*Requirement*: From the line that contains "1月の植物館にてマクロ撮影、" down to the final line below, please repeat each line exactly and nothing more, with no pictures.

== Given data

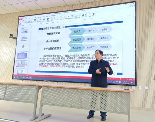 8日上午在修德楼阶梯教室,袁教授以《中国自主环境资源会计研究:基于概念、历史与未来的解读》为题,为6776永利集团骨干教师、硕士及博士生做专题报告。环境资源会计作为会计学的一个重要分支,专注于记录、分析和报告与环境资源相关的财务活动,涵盖了自然资源的财务价值评估及环境资源的合理利用、管理、控制及保护等方面的会计活动。环境会计是以经济可持续发展战略目标为指导,运用会计学的基本理论与方法,对企业和其他组织对环境产生影响的经济活动进行核算与监督,为企业内部决策提供信息支持的一种管理信息系统。袁教授介绍了会计核算主体、对象和价值路径的转变,强调了会计核算中经济效益、社会效益和生态效益的兼顾;影响环境履约责任的重要因素,例如企业文化、经营观念、战略规划等。袁教授介绍了资源环境会计研究的目标宗旨、逻辑主线及研究前景,强调了深化生态文明思想、构建具有中国特色的环境资源会计体系的重要性。他指出未来研究将聚焦于构建中国化环境会计理论体系、制定环境会计指南、探索生态补偿价值实现机制等战略目标。在成本控制和信息披露方面,袁教授详细讲解了环境完全成本指标、环境大收入指标、环保专用基金指标和环境所有者权益指标等关键指标,这些指标对于企业环保策略的制定和环保活动的经济效益评估具有重要意义。
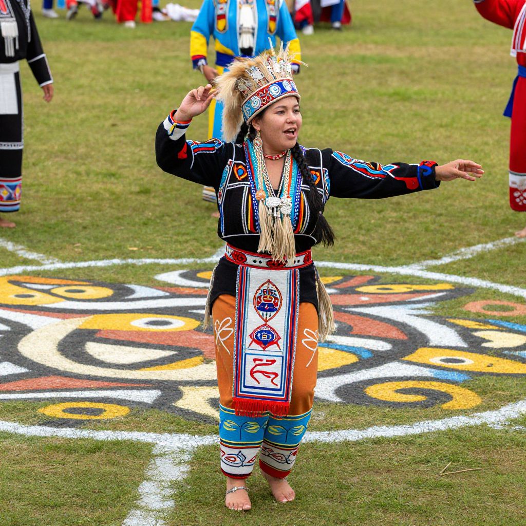 Photograph of an Indigenous woman in traditional attire, standing on a grassy field with colorful painted patterns on the ground. She wears a black, long-sleeve dress adorned with red, blue, and white patterns, orange leggings with blue and white designs, and a white headpiece with feathers. Her long blonde hair is partly covered by the headpiece. She holds her right hand to her head and her left arm out to the side, smiling. Other people in similar traditional clothing are visible in the background, with some wearing red and blue. The grass is green and the painted patterns are vibrant.
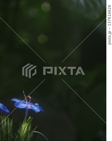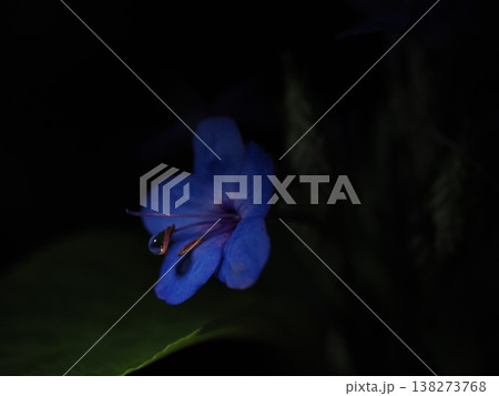 1月の植物館にてマクロ撮影、ルリハナガサの鮮やかな青い花びらと雄しべの先に留まる美しい一滴の水滴
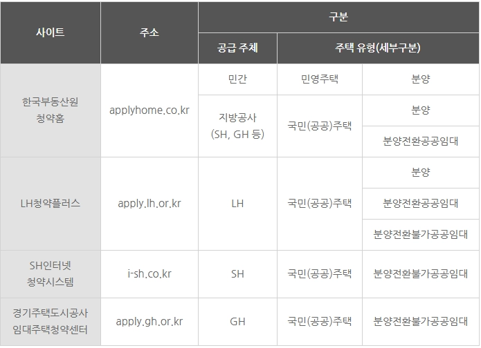 주택유형과 사업주체에 따라 접수 사이트가 다르지만, 청약홈 이외의 곳에서 청약 접수를 하더라도 분양주택과 분양전환공공임대주택의 당첨자 선정은 청약홈을 통해 진행됩니다.

====

*Solution*:
 1月の植物館にてマクロ撮影、ルリハナガサの鮮やかな青い花びらと雄しべの先に留まる美しい一滴の水滴
 주택유형과 사업주체에 따라 접수 사이트가 다르지만, 청약홈 이외의 곳에서 청약 접수를 하더라도 분양주택과 분양전환공공임대주택의 당첨자 선정은 청약홈을 통해 진행됩니다.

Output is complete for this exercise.